Catalan number and stack order number, Java programming simulation

Problem Description:

There are 7 integers in the queue from 1 to 7 (from small to large), what is the number of all permutations of the stack after an integer stack?
If the capacity of the integer stack is 4 (the stack can hold up to 4 integers), what is the number of permutations of the stack?

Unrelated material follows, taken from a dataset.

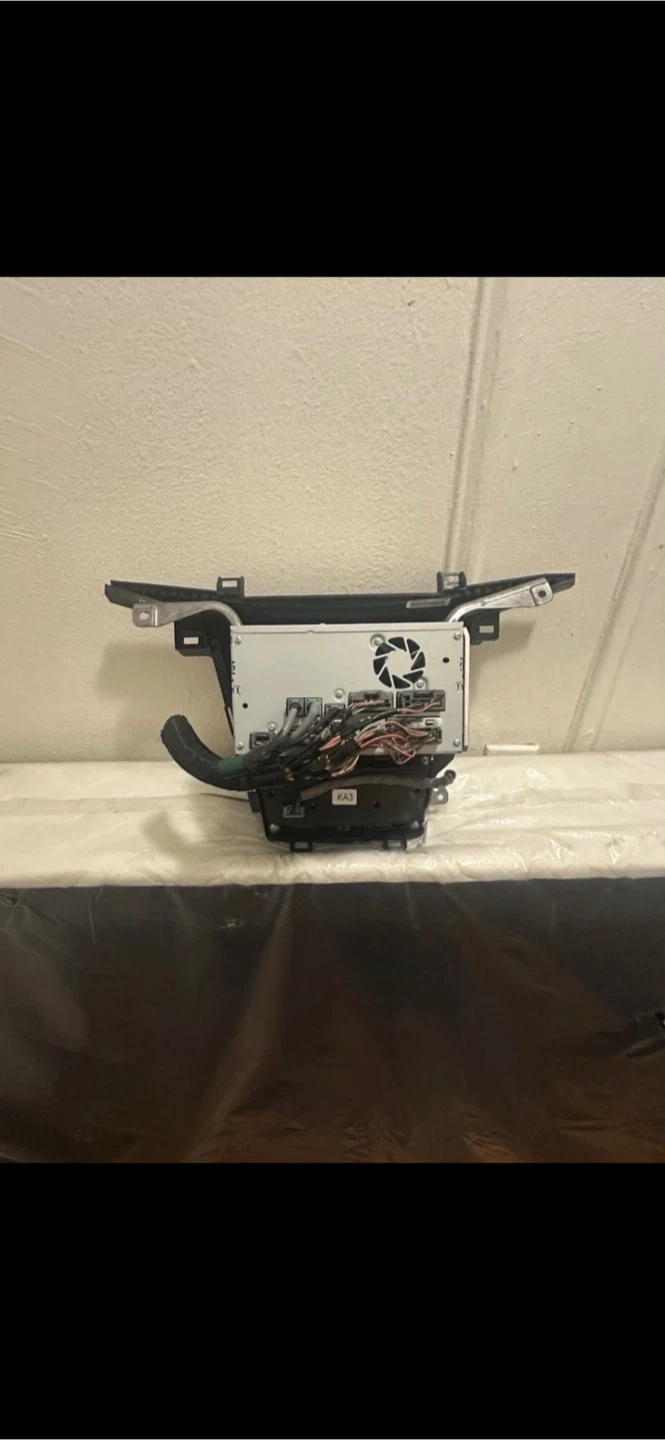 This is a car infotainment system display unit with a screen and control knob. It has multiple buttons for various functions. Wires are connected to the back for operation. This unit is black and designed for a vehicle's dashboard. ps if y’all give me dumb remarks and dumb answers, I’m not gonna answer y’all don’t waste my time

Analysis: For each number I, before it goes into the stack there are i-1 numbers through the stack to the output queue out (do not consider the I-1 numbers in and out of the stack order, because they can be abstracted into F (i-1)), after which there are n-i numbers into the stack and then out of the stack (also do not need to consider their entry and exit ), so that you get the integer i for each last stack, which has an F (i-1) *f (n-i) of the stack order, and the sum is N number order through the stack order.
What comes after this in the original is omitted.